Wei Qianran, Chen Lili, Zhou Yajing, Wang Huiyi
Department of Statistics, School of Mathematical Sciences, Heilongjiang University, Harbin, 150080, China.
Genetica. 2023 Apr;151(2):97-104. doi: 10.1007/s10709-023-00179-9. Epub 2023 Jan 19.

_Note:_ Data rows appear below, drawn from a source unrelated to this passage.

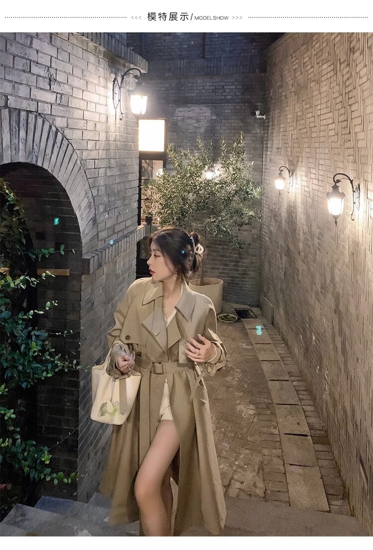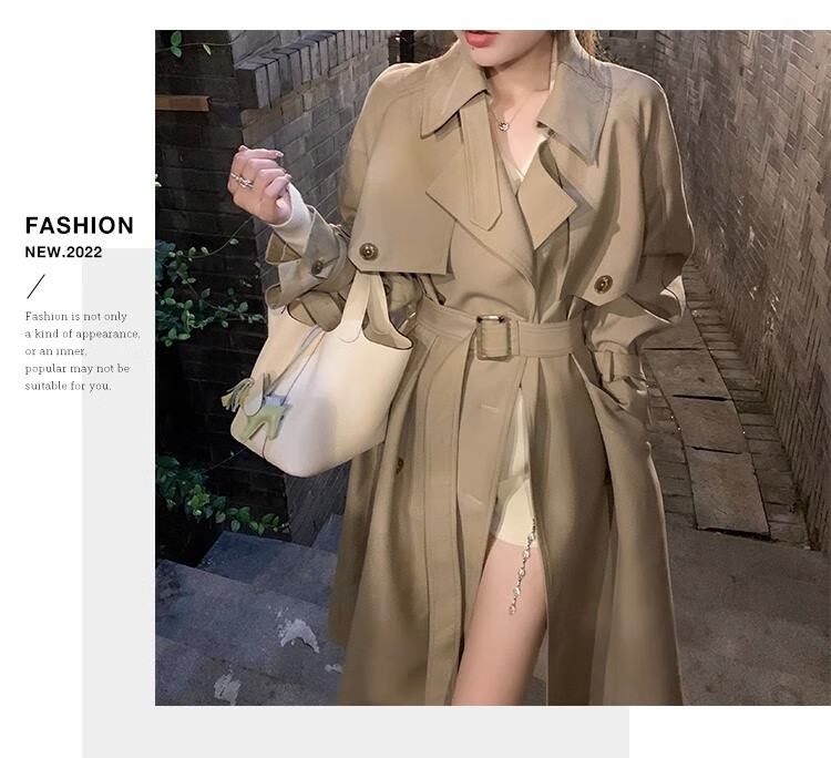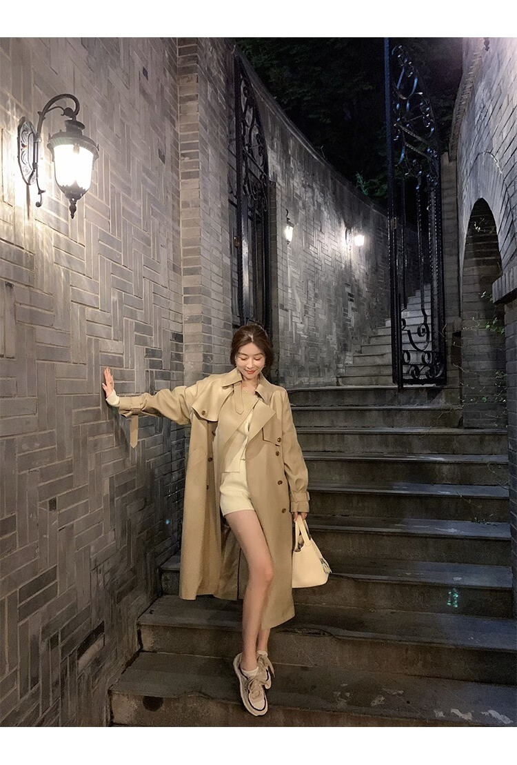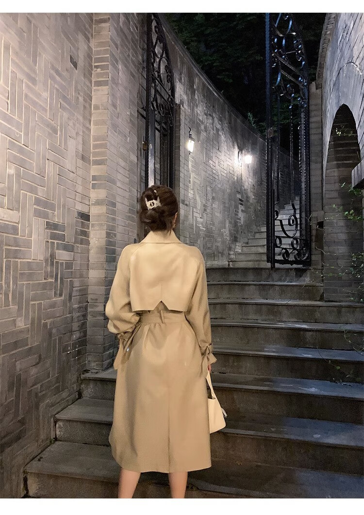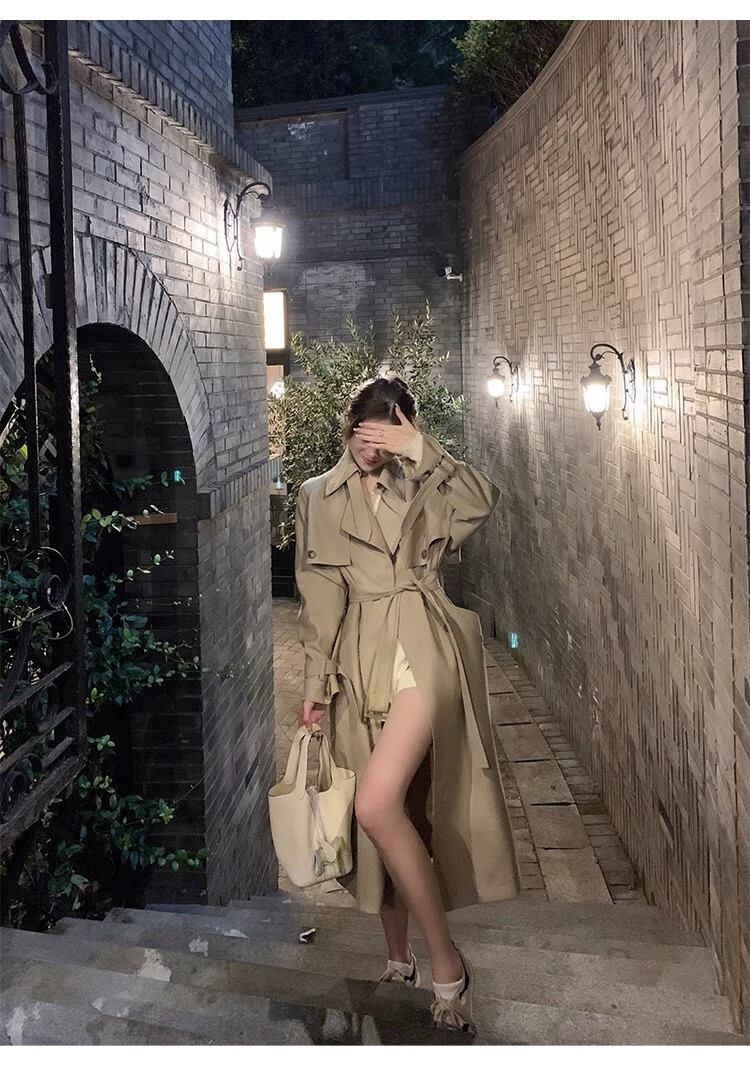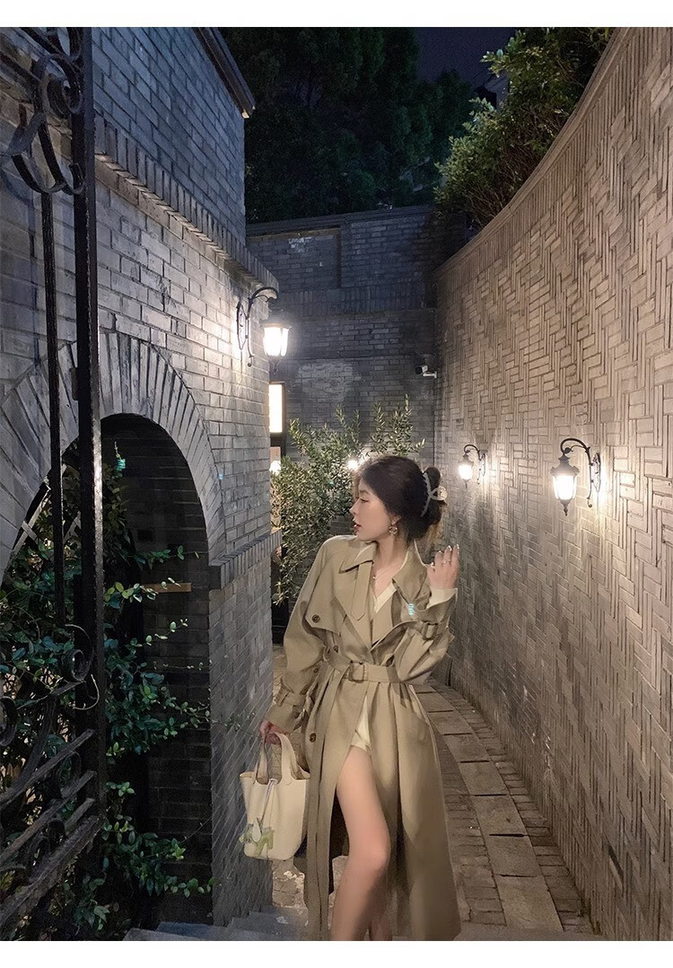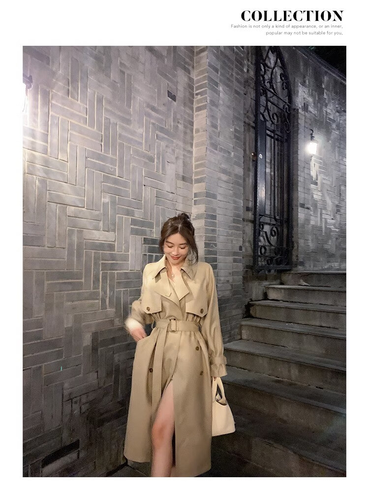 AEMAPE autumn new high-end mid-length khaki windbreaker coat for women small British style drape casual coat khaki S -95-110Jin Jin is equal to 0.5 kg.
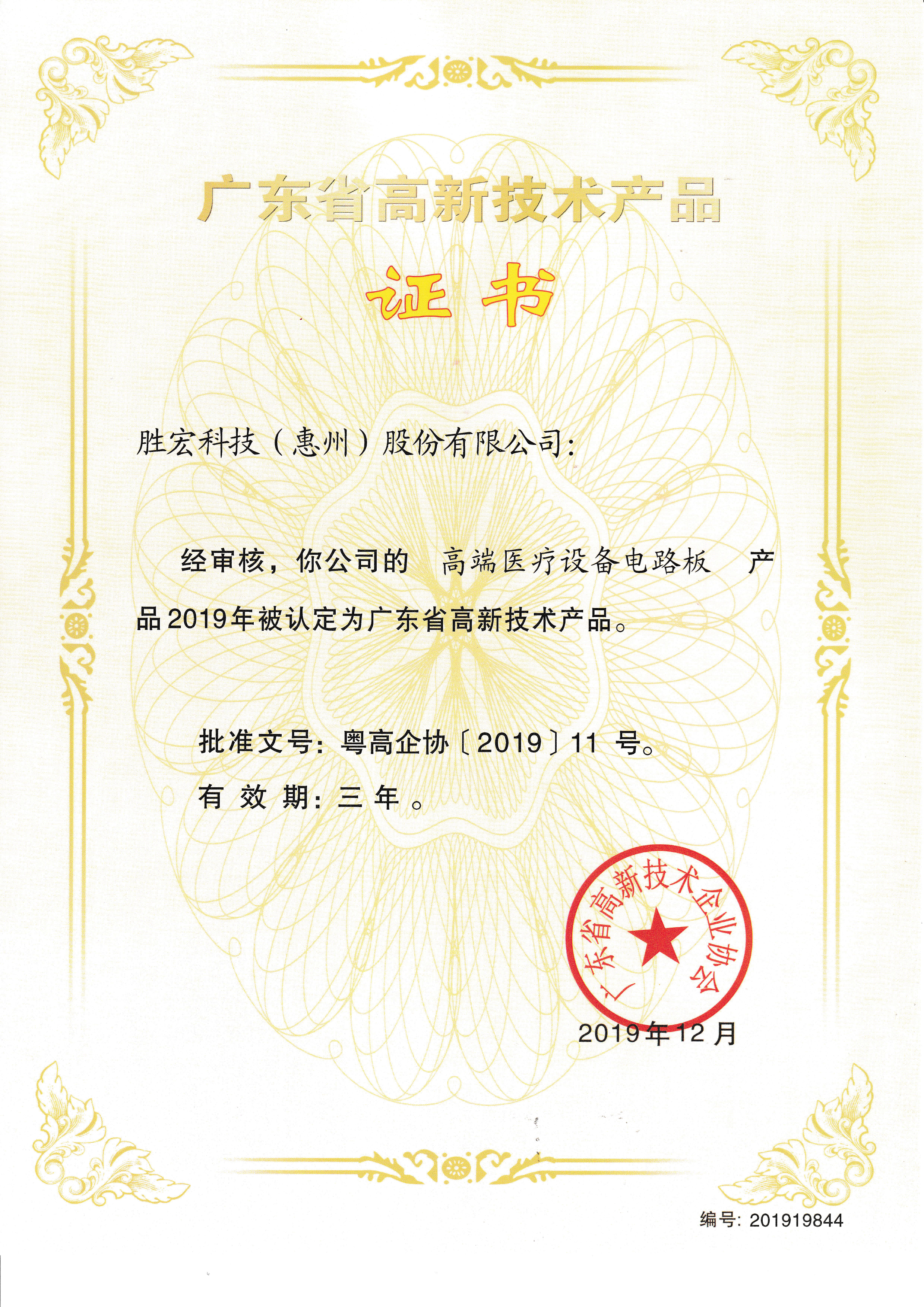 「ハイエンド医療設備プリント基板」中国高新技術製品証明書
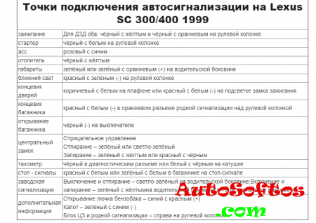 Точки подключения автосигнализации на Lexus SC 300/400 1999.
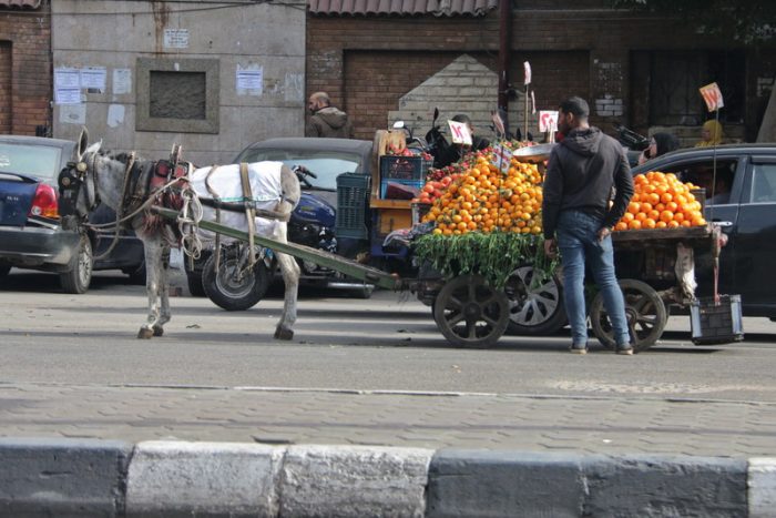 Каир — город контрастов. И это не игра слов. Встретить гружёного ослика или лошадку на автостраде проще простого. Сейчас сезон цитрусовых. Апельсины в переводе на российские рубли — 30 рублей за 1 кг.
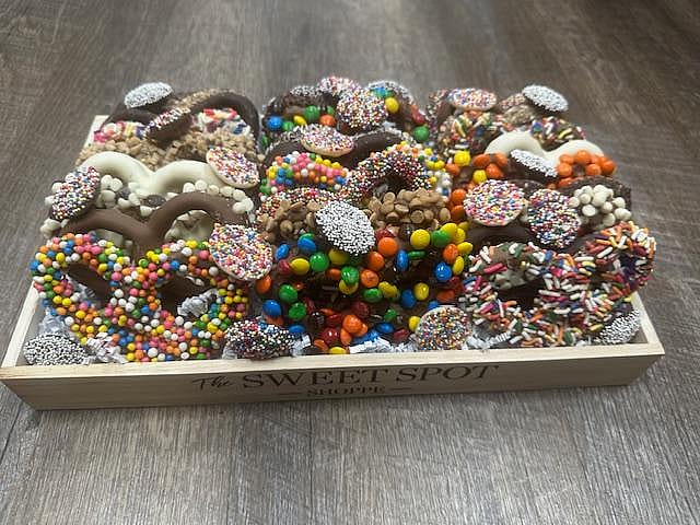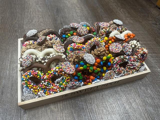Can include Sea Salt DarkPretzels, M&M, Reese's Pieces, Chocolate Chips, Toasted Coconut, Toffee, Peanut Butter Chips, Sprinkles & Non-Pareils, Milk, Dark & White Chocolate pretzels and more.

Extensive evidence from genome-wide association studies (GWAS) has shown that jointly analyzing multiple phenotypes can improve the power of the association test compared to the traditional single variant versus single trait approach. Here we propose an adaptive test based on principal components (ATPC) that is powerful and efficient for discovering the association between a single variant and multiple traits. Our method only needs GWAS summary statistics that are often available. We first estimate the trait correlation matrix by LD score regression. Then, based on the correlation matrix, we construct a series of test statistics that contain different numbers of principal components. The ultimate test statistic combines the P values of these principal component-based statistics by using the aggregated Cauchy association test. The analytical P-value of the test statistic can be computed quickly without the permutation process, which is the notable feature of our proposed method. The extensive simulation studies demonstrate that ATPC can control the type I error rates and have powerful and robust performance compared to several existing tests in a wide range of simulation settings. The analysis of the lipids GWAS summary data from the Global Lipids Genetics Consortium shows that ATPC identifies 230 new SNPs that are missed by the original single trait association analysis. By searching the GWAS Catalog, some SNPs and mapped genes identified by ATPC are reported to be associated with lipid traits. Through further analysis for GWAS results, we also find some Gene Ontology terms and biological pathways related to lipids.
全基因组关联研究(GWAS)的大量证据表明,与传统的单变体对单性状方法相比,联合分析多个表型可以提高关联检验的效能。在此,我们提出一种基于主成分的自适应检验(ATPC),它在发现单变体与多个性状之间的关联方面既强大又高效。我们的方法只需要通常可得的GWAS汇总统计量。我们首先通过LD得分回归估计性状相关矩阵。然后,基于相关矩阵,我们构建一系列包含不同数量主成分的检验统计量。最终的检验统计量通过使用聚合柯西关联检验来合并这些基于主成分的统计量的P值。检验统计量的分析P值无需置换过程即可快速计算,这是我们所提出方法的显著特征。广泛的模拟研究表明,在广泛的模拟设置中,与几种现有检验相比,ATPC可以控制I型错误率,并且具有强大且稳健的性能。对全球脂质遗传学联盟的脂质GWAS汇总数据的分析表明,ATPC识别出230个新的单核苷酸多态性(SNP)位点,这些位点在最初单性状关联分析中被遗漏。通过搜索GWAS目录,据报道ATPC识别出的一些SNP位点和映射基因与脂质性状相关。通过对GWAS结果的进一步分析,我们还发现了一些与脂质相关基因本体术语和生物途径。